_Requirement_: All lines in the records below from the line with "Ladies and gentlemen, it’s" through the line with "Earthquake in Myanmar: म्यांमार" are to be given again exactly, both ends included; the pictures are to be left out.

(Dataset entries)

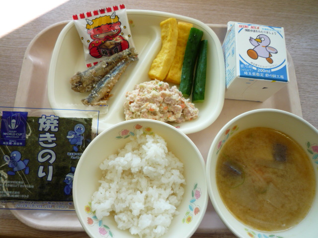 (献立) 手巻き寿司 いわしからあげ みそけんちん汁 福豆 牛乳 (コメント) 手巻き寿司は、恵方巻に見立てています。今年は、西南西を向 いていただきましょう。 今日の給食、具が結構多いです。 さて、豆は年の数、あるいは年の数+1個を食べると、その数 だけ福が宿ると言われています。 ところで、豆を投げて「鬼を退治しましょう」という教室も あると思います。今日は許されますね。 |
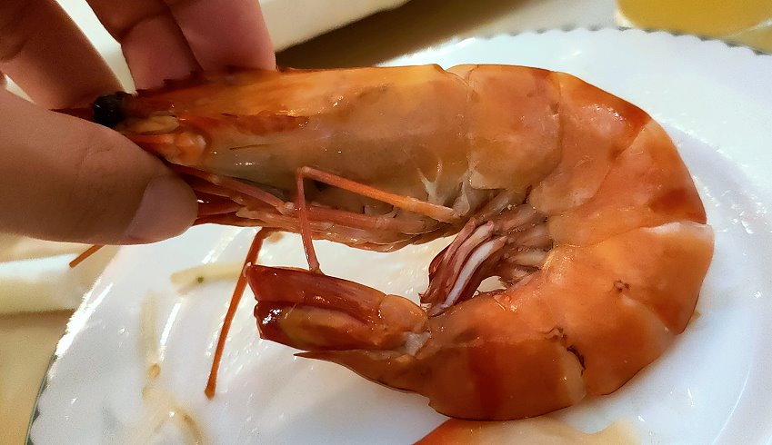 ▼看得出來有多大隻了吧~連小口愛都嘖嘖稱奇XD吃起來帶有濃郁的紹興酒香,肉質鮮美、飽滿緊實,連大人都要吃上好幾口,吃起來很有飽足感啊!
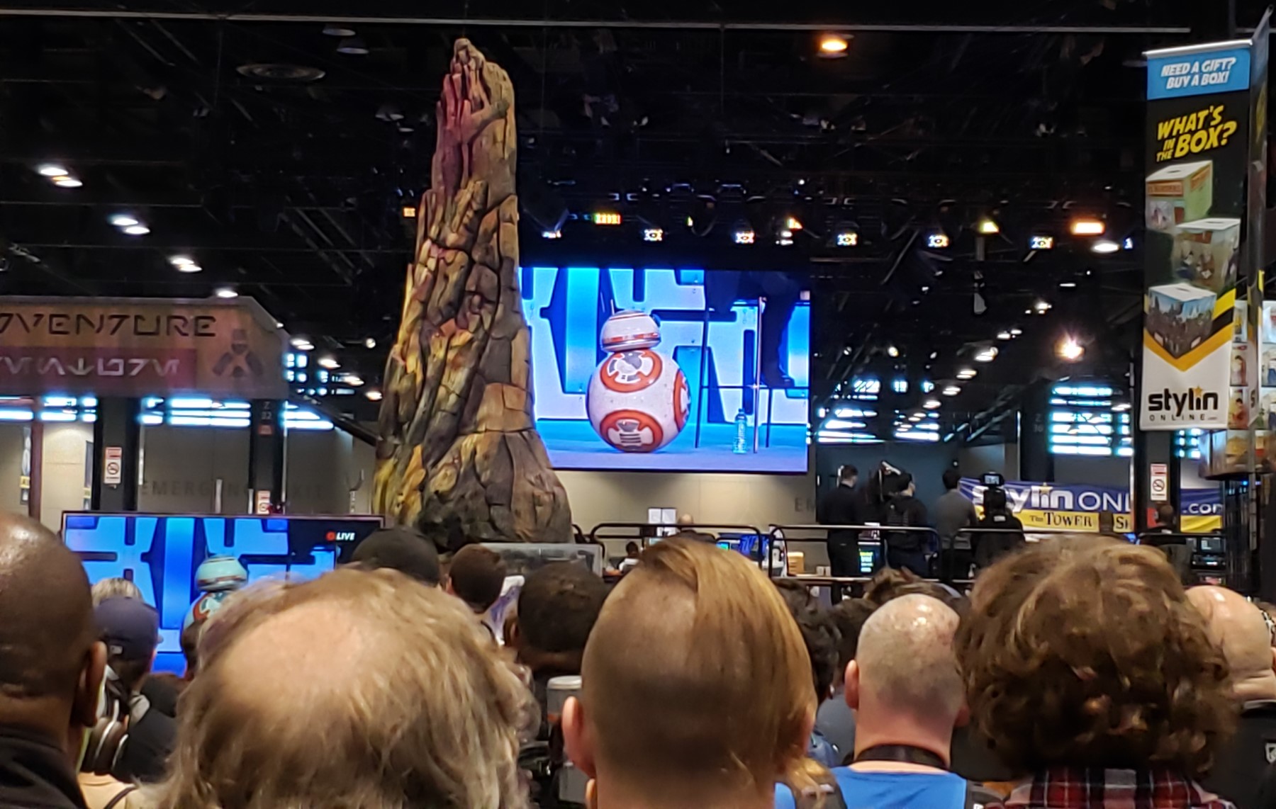 Ladies and gentlemen, it’s BB-8! Also, big shout-out to the designers of the Galaxy’s Edge booth for their 15-foot alien stalagmite, a super annoying obstacle for hundreds of us, far worse than the world’s largest floppy hat.
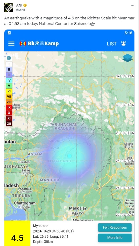 Earthquake in Myanmar: म्यांमार में महसूस किए गए भूकंप के झटके, 4.5 मापी गई तीव्रता
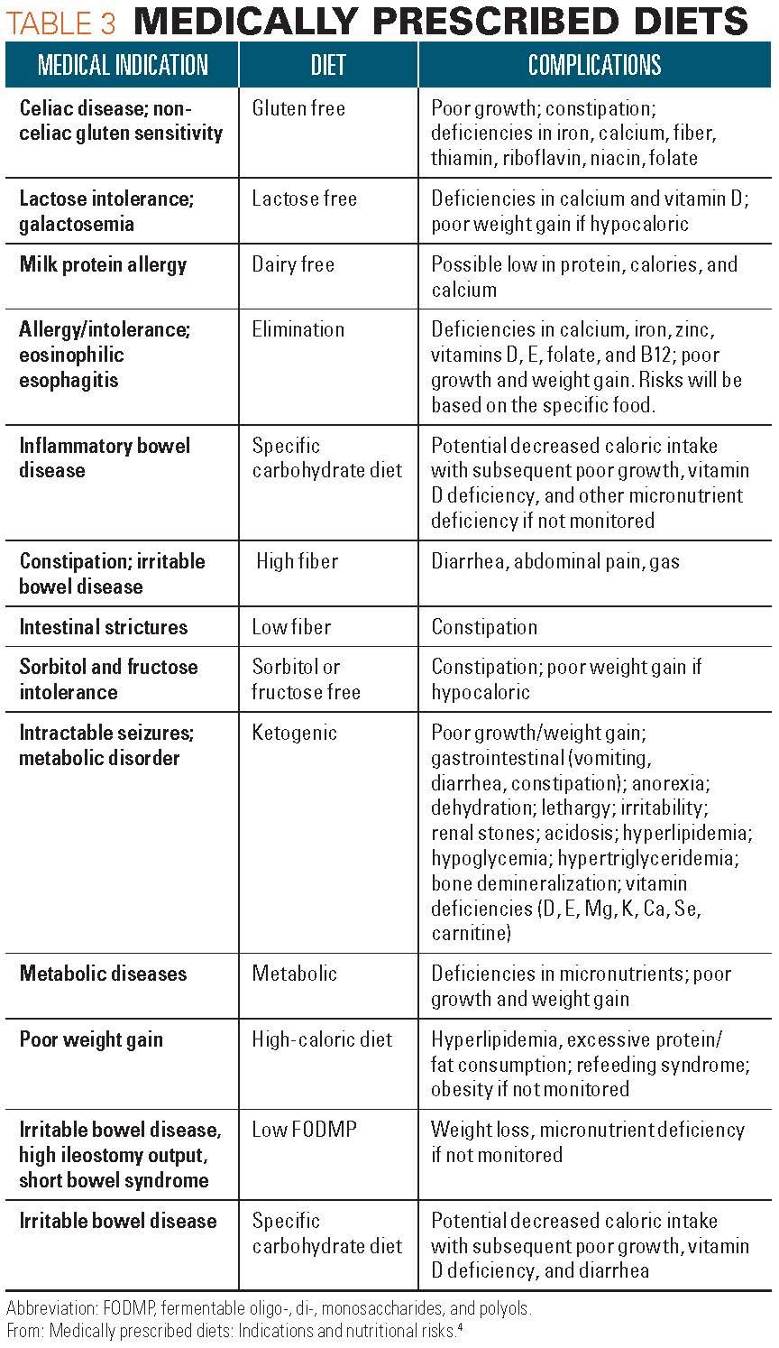 For some children, however, medical conditions may mandate altering the diet to manage the condition. Examples include children with celiac disease for whom gluten is restricted; children with food allergies in whom specific foods related to the allergy are eliminated; overweight and obese children in whom overall caloric intake is reduced; and those with diabetes who need to avoid foods high in simple sugar. Table 3 lists a range of medically prescribed diets.4 Other conditions for which parents may place their children on a restricted diet, less supported by evidence but growing in popularity, may include attention-deficit/hyperactivity disorder (ADHD), non-celiac gluten sensitivity, and autism spectrum disorder.5-6
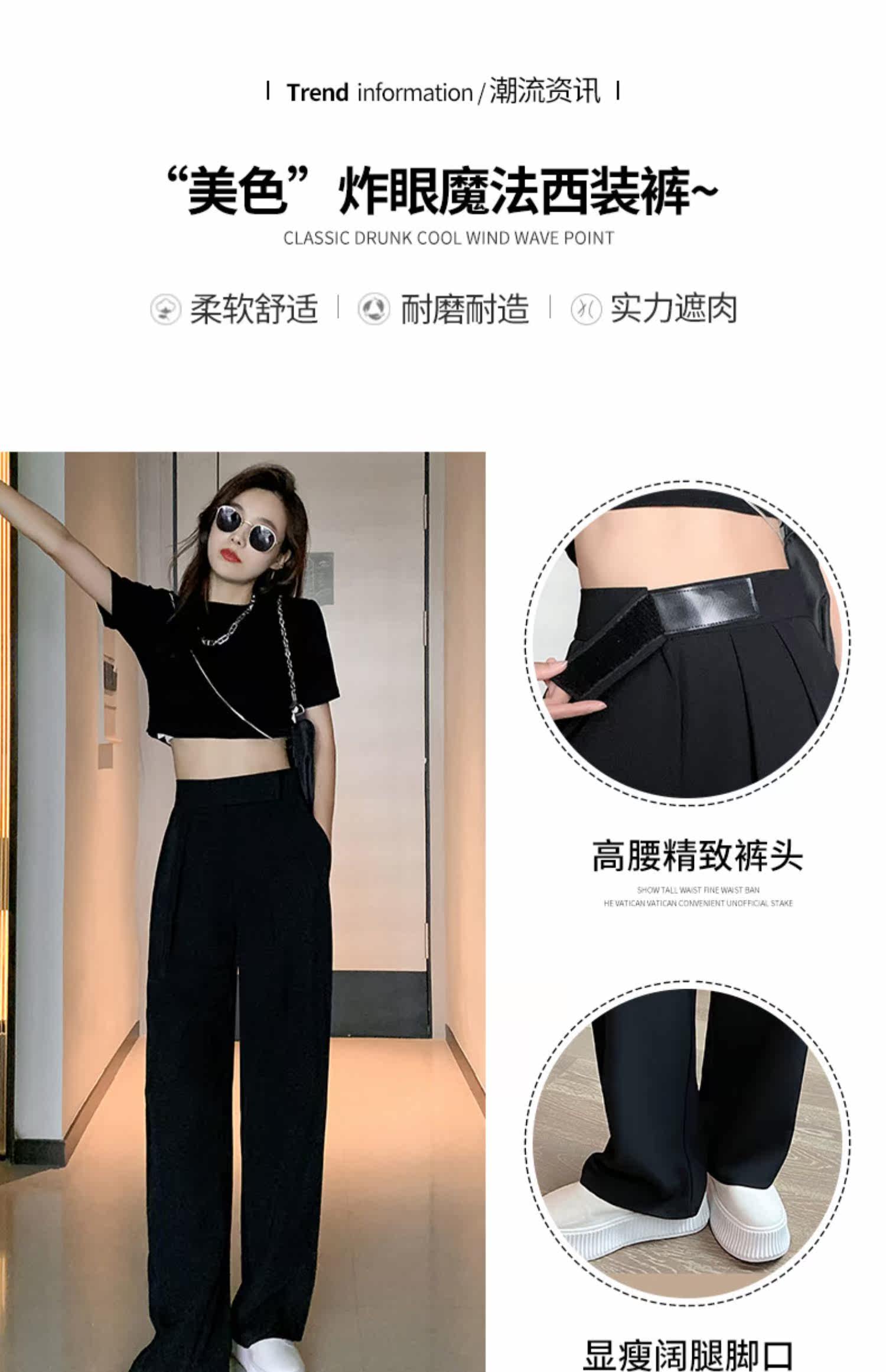 Костюм, осенние черные штаны, высокая талия, свободный прямой крой, по фигуре
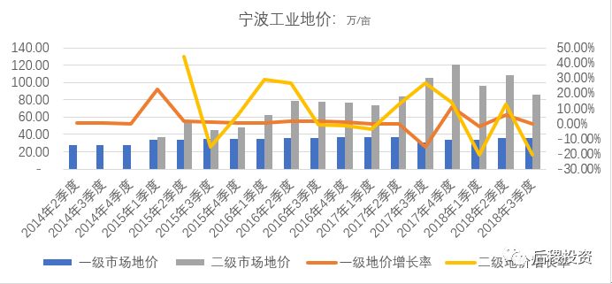 寧波近幾年的一級工業用地出讓面積基本上處于浙江前二的水平,大量供應,使得出讓價僅年增長7.66%。自2015年2季度開始,司法拍賣成交價顯著增長,并一直持續到2017年4季度,年均增長44.28%,截止2017年底,一級出讓價為二級成交價的36%左右。
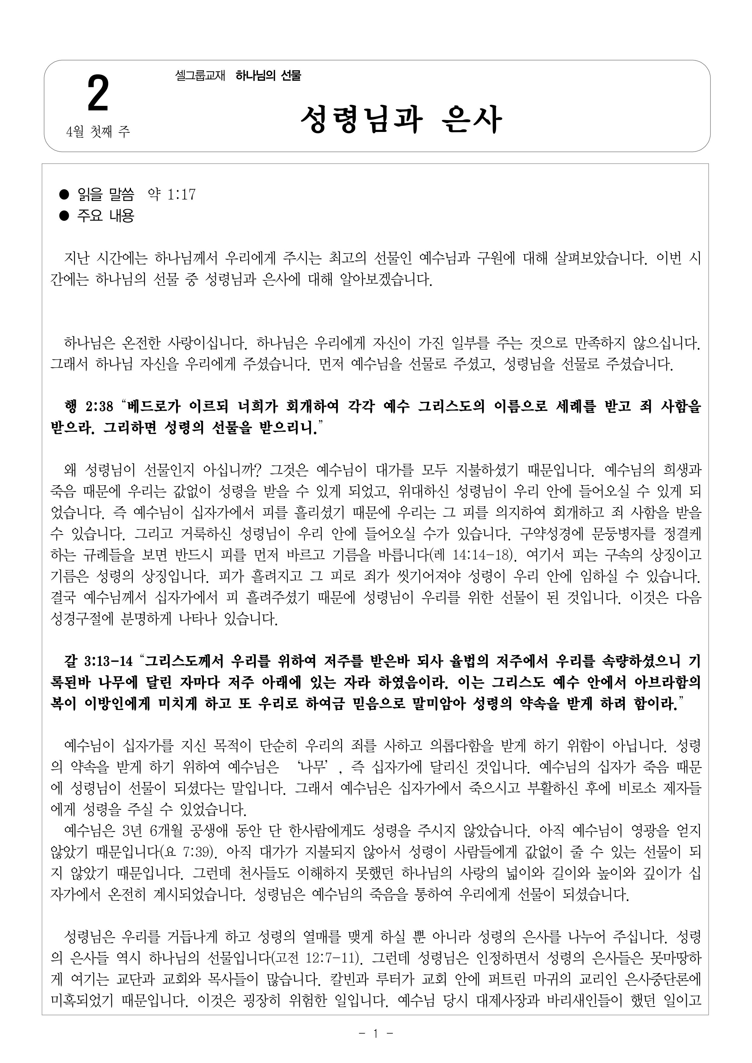 4월 첫째 주 셀그룹교재 [하나님의 선물]-[2]성령님과 은사
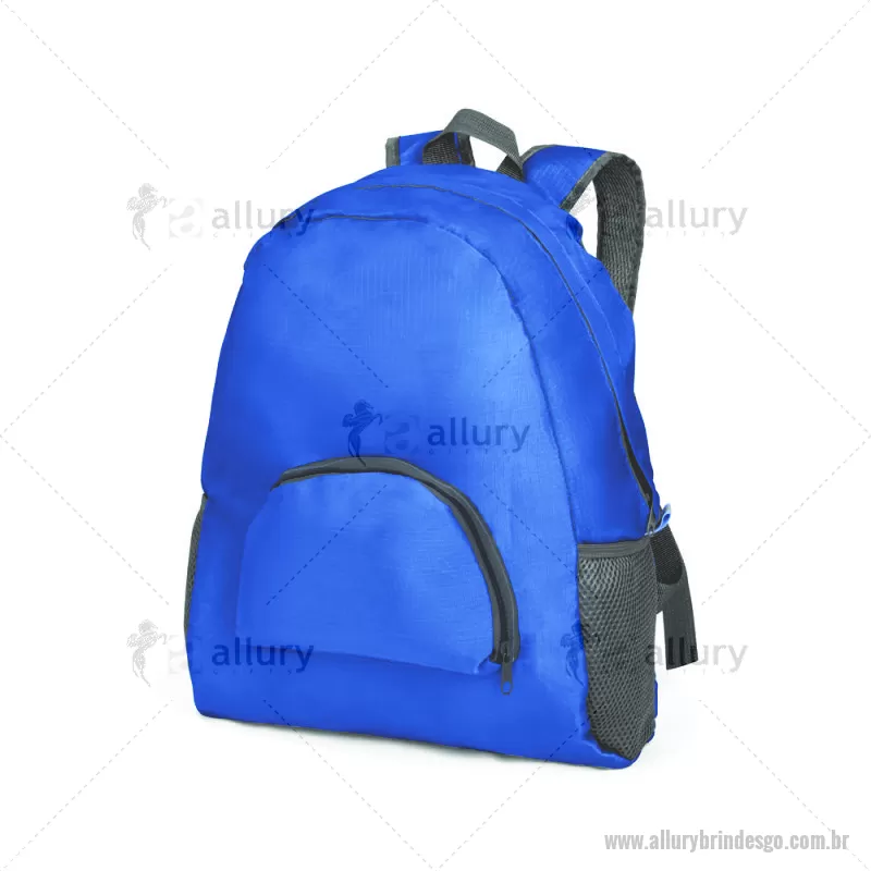 Mochila dobrável confeccionada em nylon 210D ripstop. Com bolso frontal, dois bolsos laterais em tela. Tamanho: 330 x 400 x 120 mm | Dobrada: 195 x 160 x 25 mm

_Response area_:
 Ladies and gentlemen, it’s BB-8! Also, big shout-out to the designers of the Galaxy’s Edge booth for their 15-foot alien stalagmite, a super annoying obstacle for hundreds of us, far worse than the world’s largest floppy hat.
 Earthquake in Myanmar: म्यांमार में महसूस किए गए भूकंप के झटके, 4.5 मापी गई तीव्रता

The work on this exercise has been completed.